Introduction

Surgery requires practice. Therefore, senior surgeons provide education on the state-of-the-art operative skills for surgical trainees, including junior surgeons, fellows, and residents. The traditional and most effective way to learn surgical skills is through performing the operation itself with appropriate supervision from experienced senior surgeons. However, in modern healthcare systems, the number of operations performed by trainees may be limited by a lack of resources, including facilities, supervisors, and education time. Furthermore, case selection difficulties, non-cooperative patients, and post-operative complication risks are major surgical education concerns in clinical practice. Therefore, well-designed animal or cadaveric skill laboratories have been used in educational programs for surgical trainees1,2.

Recently, several surgeons have developed a robotic nipple-sparing mastectomy (RNSM) technique3,4,5,6,7, which provides better cosmetic outcomes and improves the quality of life in women with breast cancer or BRCA mutations8,9,10. Moreover, the use of the robotic surgical systems’ 3-dimensional high-resolution cameras, flexible robotic instruments, and ergonomic devices can decrease the surgeons’ workload11. However, with the exception of the few aforementioned surgeons, it is difficult for breast surgeons to gain experience using the robotic surgical systems alone. Nevertheless, the use of robotic surgical systems in breast surgery remains an emerging area of surgical techniques. Most surgical training centers lack proper educational programs for breast surgery fellows.

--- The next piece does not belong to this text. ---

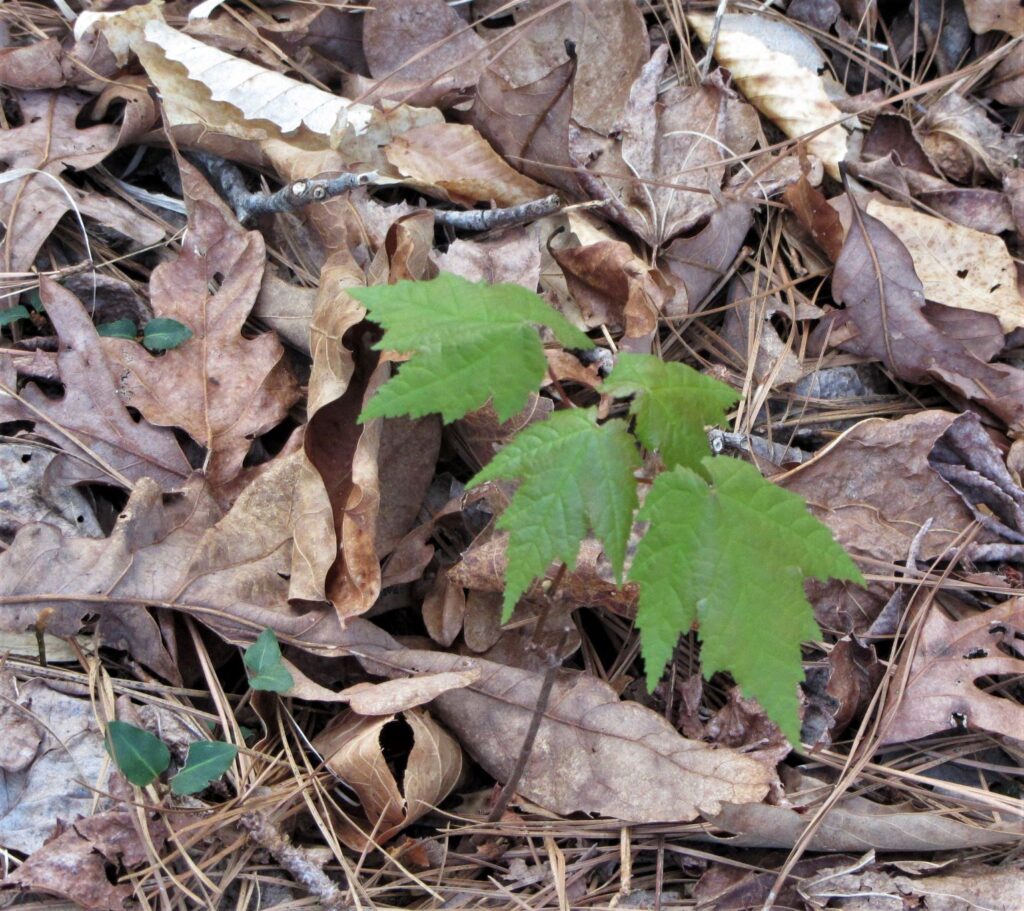The easiest, most cost-effective, but least reliable method is to wait for tree seedlings to emerge.  Squirrels and blue jays may hide acorns, beech nuts, hickory nuts, or other nuts that eventually germinate and grow.  If these emerge in the ‘wrong’ place you can dig and translate them to your emerging tiny forest.  Some seeds, like holly and Magnolia, must pass through a bird’s system, or be treated with strong acid, before they will germinate.  Collecting and planting these seeds would have a very low germination rate. So, watch for these species to emerge from seeds dropped by the birds.  Some seeds, like red maple or pine seeds, may blow in on the wind.

Various surgical fields have incorporated surgical training with cadaveric or animal skill laboratories for endoscopic or robotic surgery1,2. These skill laboratories provide a simulation of the real clinical operations12. Studies have suggested that these skill laboratories supplement the surgeons’ learning experience13. However, there have been few attempts at cadaveric or animal skill laboratories for RNSM. Therefore, this study aimed to report the establishment of cadaveric and animal skill laboratory training programs for RNSM and the participants’ perception on the training programs.

Methods

We performed 24 RNSMs in 11 cadaveric models and in one live porcine model from December 2013 to November 2020. All of the models were female. The porcine model was 14 weeks old and weighed 40 kg. From 2013, skill laboratory training using the da Vinci Si® and Xi® surgical systems (Intuitive Surgical, Sunnyvale, CA, United States) was performed at the Severance Minimally Invasive Surgery Center, Seoul, Korea. On the other hand, skill laboratory training using the da Vinci SP® surgical system (Intuitive Surgical, Sunnyvale, CA, United States) was performed in November 2018 in Medizin im Grünen, Berlin, Germany.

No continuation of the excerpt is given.